Data were expressed as means ± standard errors of the mean (SEM) and were analyzed using GraphPrism software (version 6.0; GraphPad, San Diego, CA, USA). Data normality and homogeneity within groups were confirmed using Kolmogorov–Smirnov and Brown–Forsythe tests, respectively. The experimental groups were compared using one-way analysis of variance (ANOVA) with a significance level of p < 0.05, followed by a post hoc Tukey test.

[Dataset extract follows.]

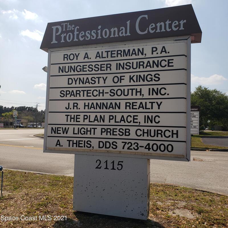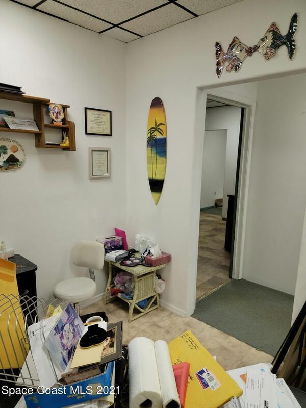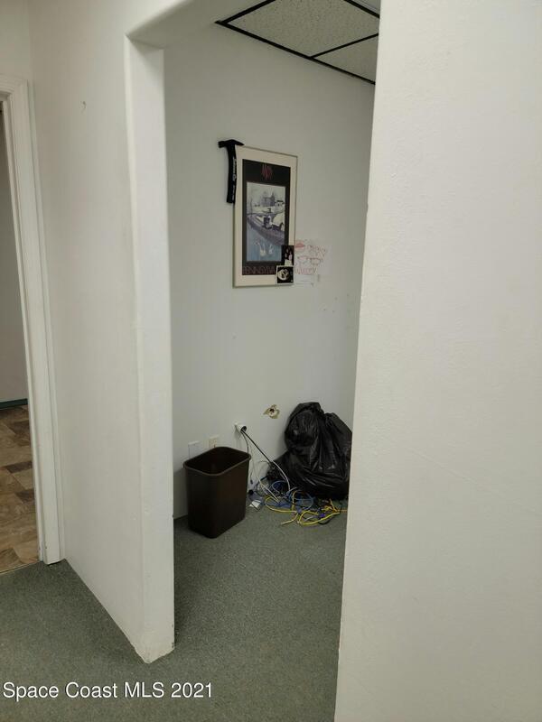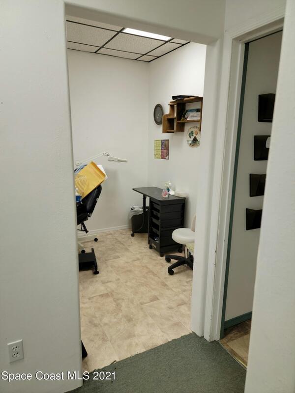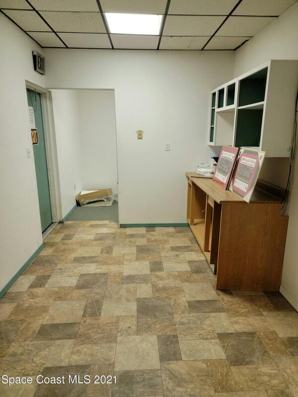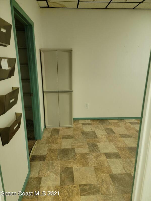 The Professional Center is centrally located off the busy Palm Bay Rd. close to I-95 and US-1. This 1,100 sqft condominium is a 5 room professional office with a waiting area, break room area and a bathroom. There is plenty of storage space through out the office. There is plenty of parking and highly visible from the road. This condominium office would be great for a start up or already existing business. The set up and location would make for a great brokerage office!!

Pearson correlation was used for correlation analysis between vessel wall thickness, endothelial function and changes in the PAT/PET ratio.

5. Conclusions

The novelty of this work is the demonstration of beneficial effects of a new orally active p38 inhibitor in rats with chronic hypoxia plus SU5416-induced PH. Oral treatment with LASSBio-1824 during 14 days reduced PH characteristics including altered blood flow and endothelial function in pulmonary arteries and tissue remodeling in lung vessels and RV. Inhibition of p38 by LASSBio-1824 attenuated tissue inflammation by reducing TNF-α and iNOS expressions and prevented apoptosis in response to stress in RV tissues by inhibiting c-fos and caspase-3 activation. The effects promoted by LASSBio-1824 contributed to lung and RV repair, which reinforce the importance of considering the p38 MAPK as a promising target to treat PH. Thus, the present data contribute to the hypothesis that p38 inhibition is an important approach for treatment of this deleterious cardio-pulmonary disease.